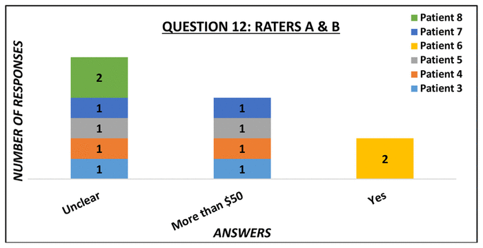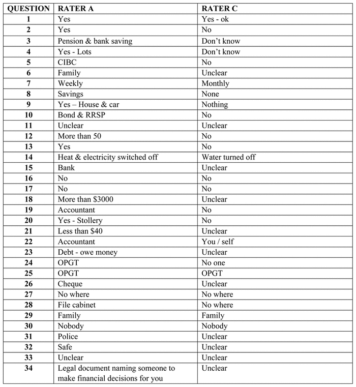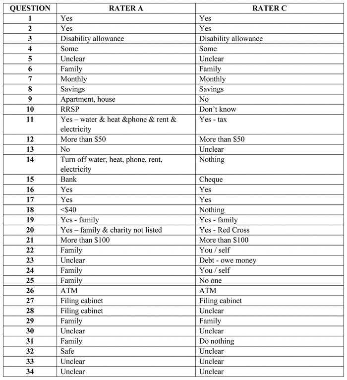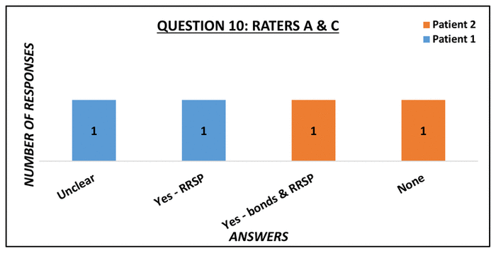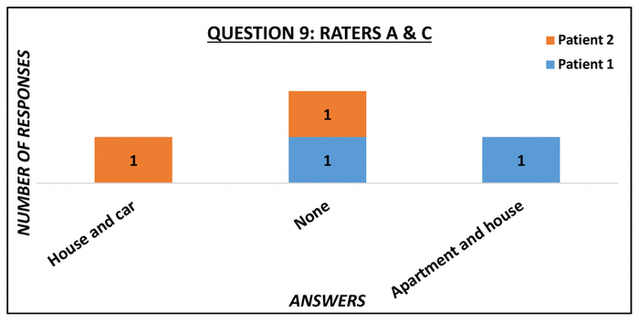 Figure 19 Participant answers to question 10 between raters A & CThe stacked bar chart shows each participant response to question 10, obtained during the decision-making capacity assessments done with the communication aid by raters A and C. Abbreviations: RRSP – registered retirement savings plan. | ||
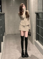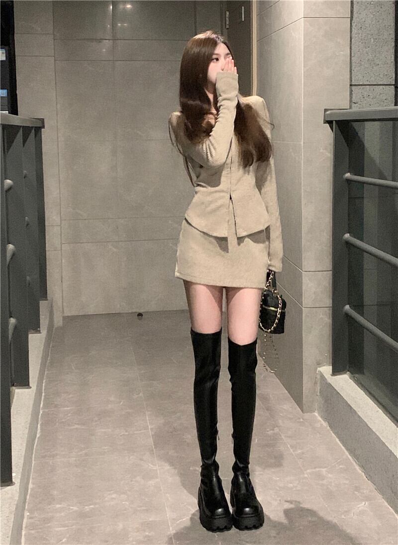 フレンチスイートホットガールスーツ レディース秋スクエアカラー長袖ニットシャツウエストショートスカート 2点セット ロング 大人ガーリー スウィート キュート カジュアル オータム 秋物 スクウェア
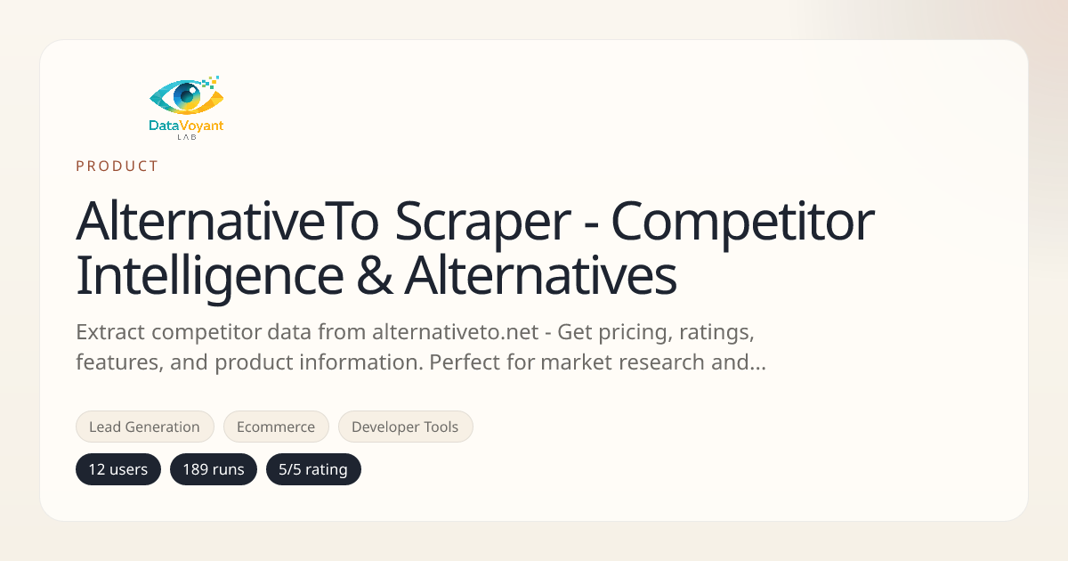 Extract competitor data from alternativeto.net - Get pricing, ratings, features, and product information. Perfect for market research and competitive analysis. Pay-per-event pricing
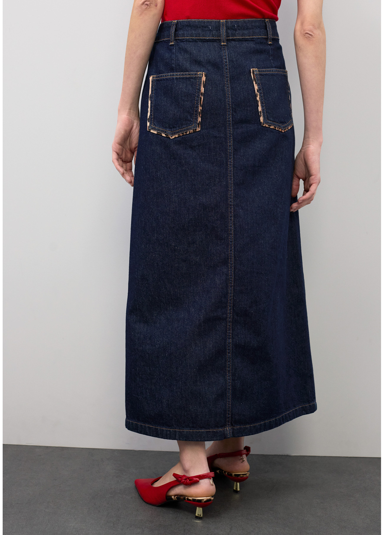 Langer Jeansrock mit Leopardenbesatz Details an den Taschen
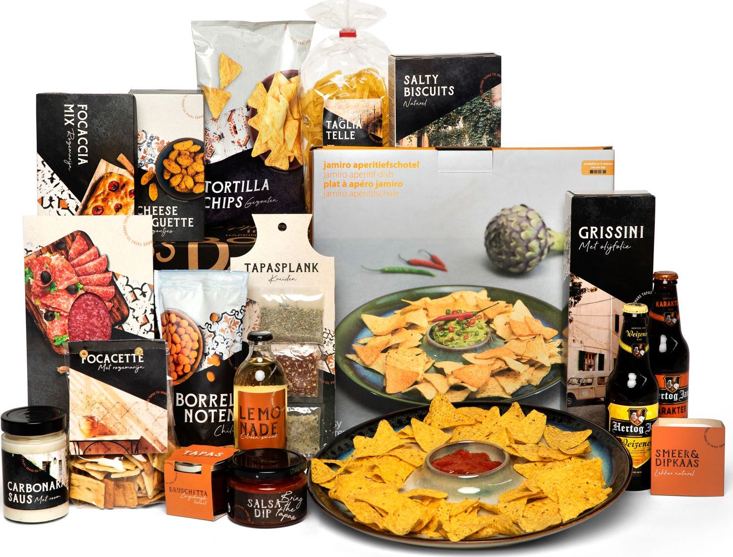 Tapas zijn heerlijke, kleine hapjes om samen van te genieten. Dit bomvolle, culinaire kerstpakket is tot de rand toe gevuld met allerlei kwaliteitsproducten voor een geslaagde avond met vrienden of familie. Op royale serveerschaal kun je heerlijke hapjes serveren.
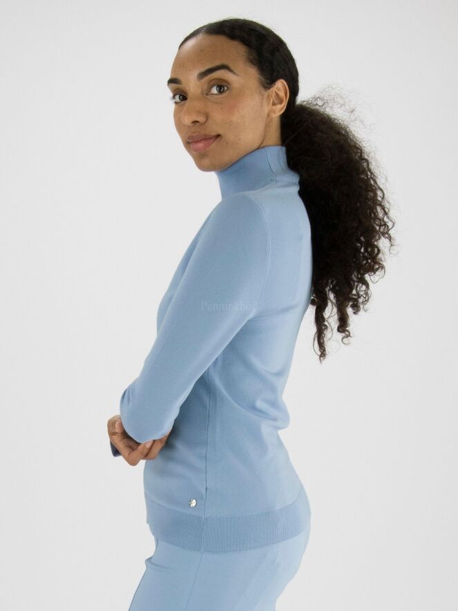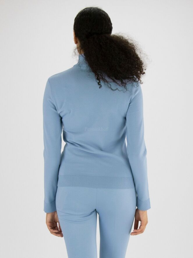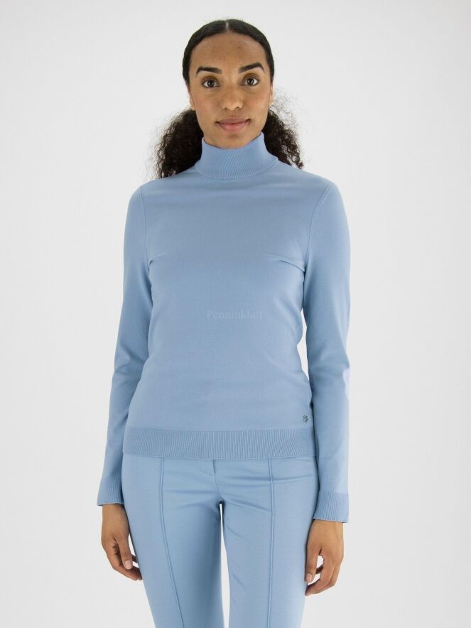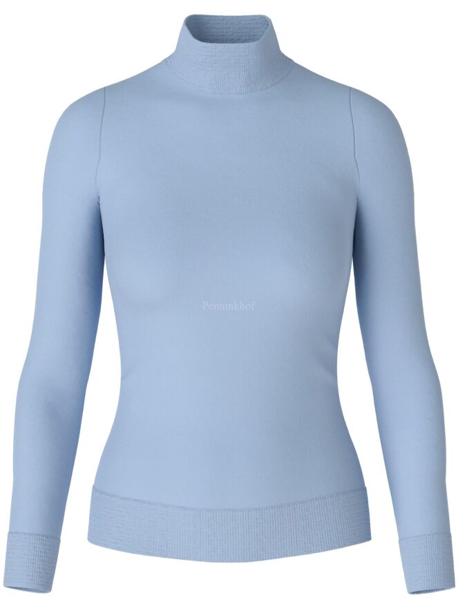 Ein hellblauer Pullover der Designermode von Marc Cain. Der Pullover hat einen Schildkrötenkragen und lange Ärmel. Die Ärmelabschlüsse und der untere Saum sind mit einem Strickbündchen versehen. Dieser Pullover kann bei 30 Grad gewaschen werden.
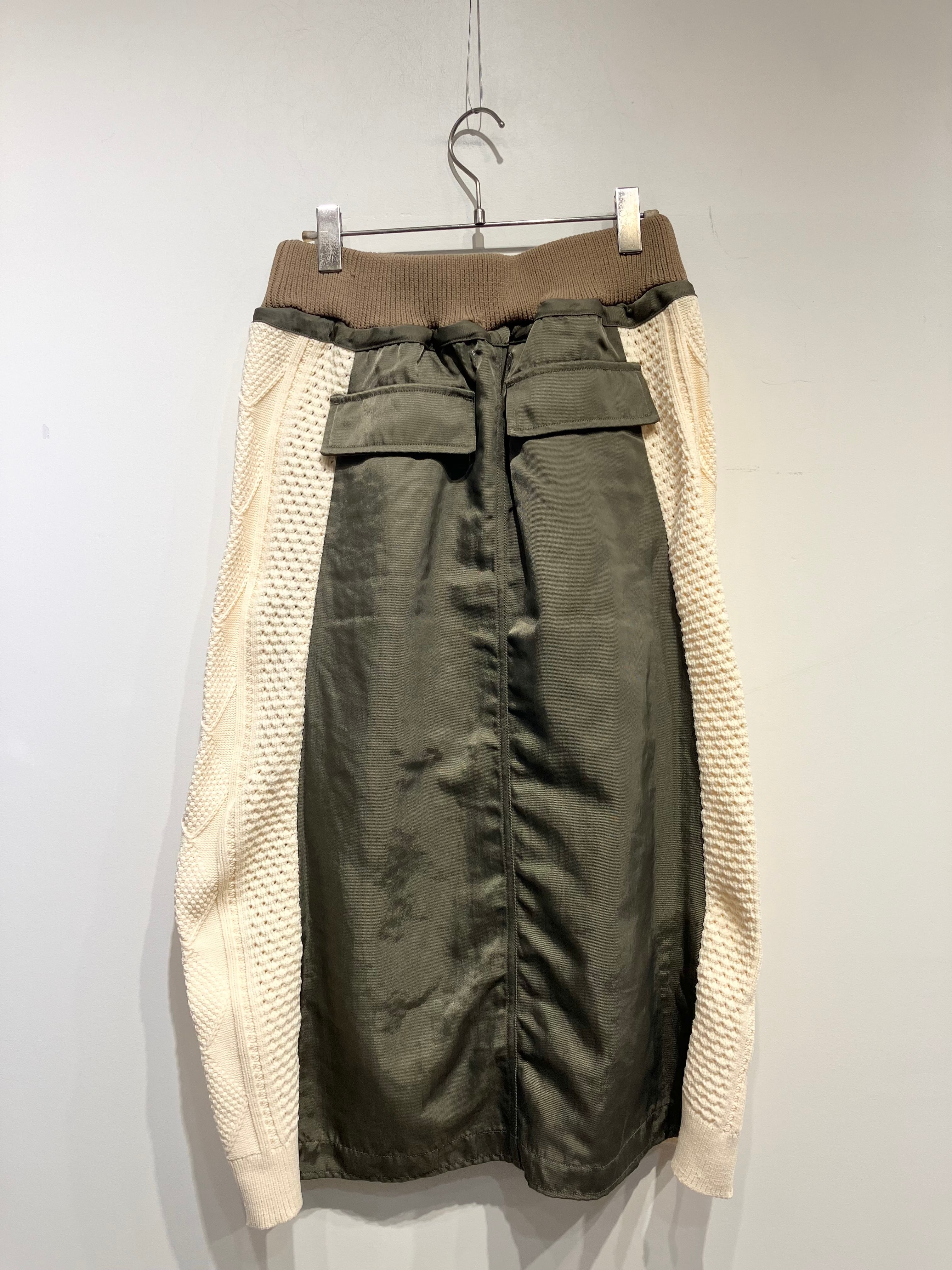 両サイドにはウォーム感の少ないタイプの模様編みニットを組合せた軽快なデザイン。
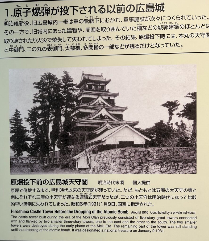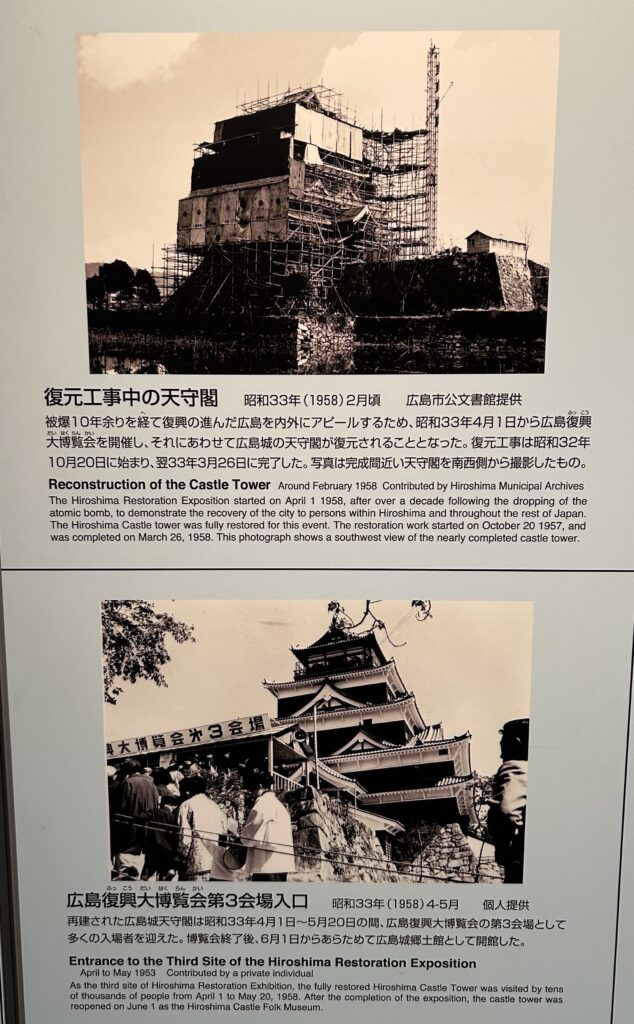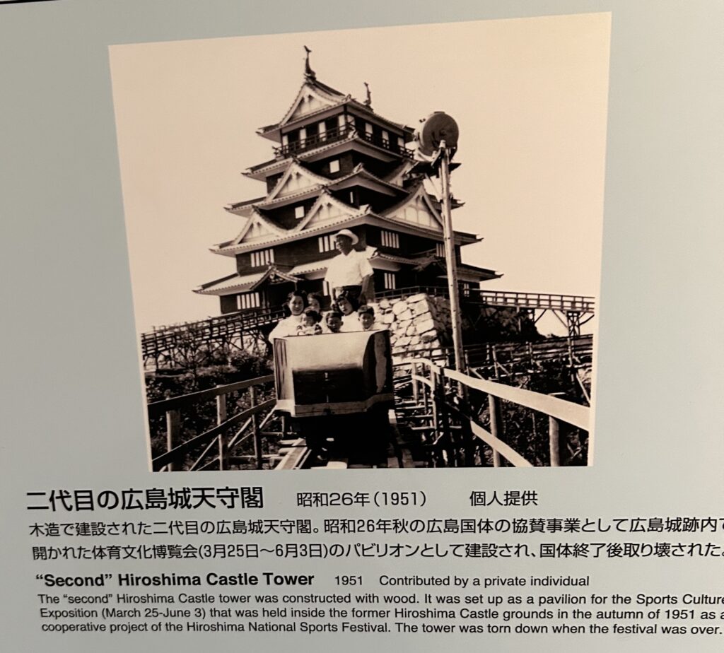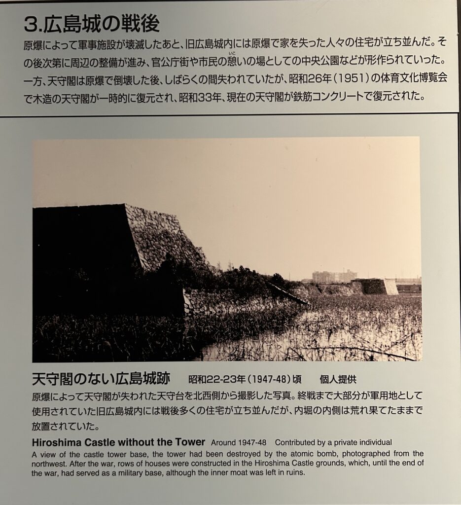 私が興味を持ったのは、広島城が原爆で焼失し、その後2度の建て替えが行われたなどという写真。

**Work to be completed**.
Exclude the images and copy every record above exactly.

**Output for this task**.
 Figure 19 Participant answers to question 10 between raters A & CThe stacked bar chart shows each participant response to question 10, obtained during the decision-making capacity assessments done with the communication aid by raters A and C. Abbreviations: RRSP – registered retirement savings plan. | ||
 フレンチスイートホットガールスーツ レディース秋スクエアカラー長袖ニットシャツウエストショートスカート 2点セット ロング 大人ガーリー スウィート キュート カジュアル オータム 秋物 スクウェア
 Extract competitor data from alternativeto.net - Get pricing, ratings, features, and product information. Perfect for market research and competitive analysis. Pay-per-event pricing
 Langer Jeansrock mit Leopardenbesatz Details an den Taschen
 Tapas zijn heerlijke, kleine hapjes om samen van te genieten. Dit bomvolle, culinaire kerstpakket is tot de rand toe gevuld met allerlei kwaliteitsproducten voor een geslaagde avond met vrienden of familie. Op royale serveerschaal kun je heerlijke hapjes serveren.
 Ein hellblauer Pullover der Designermode von Marc Cain. Der Pullover hat einen Schildkrötenkragen und lange Ärmel. Die Ärmelabschlüsse und der untere Saum sind mit einem Strickbündchen versehen. Dieser Pullover kann bei 30 Grad gewaschen werden.
 両サイドにはウォーム感の少ないタイプの模様編みニットを組合せた軽快なデザイン。
 私が興味を持ったのは、広島城が原爆で焼失し、その後2度の建て替えが行われたなどという写真。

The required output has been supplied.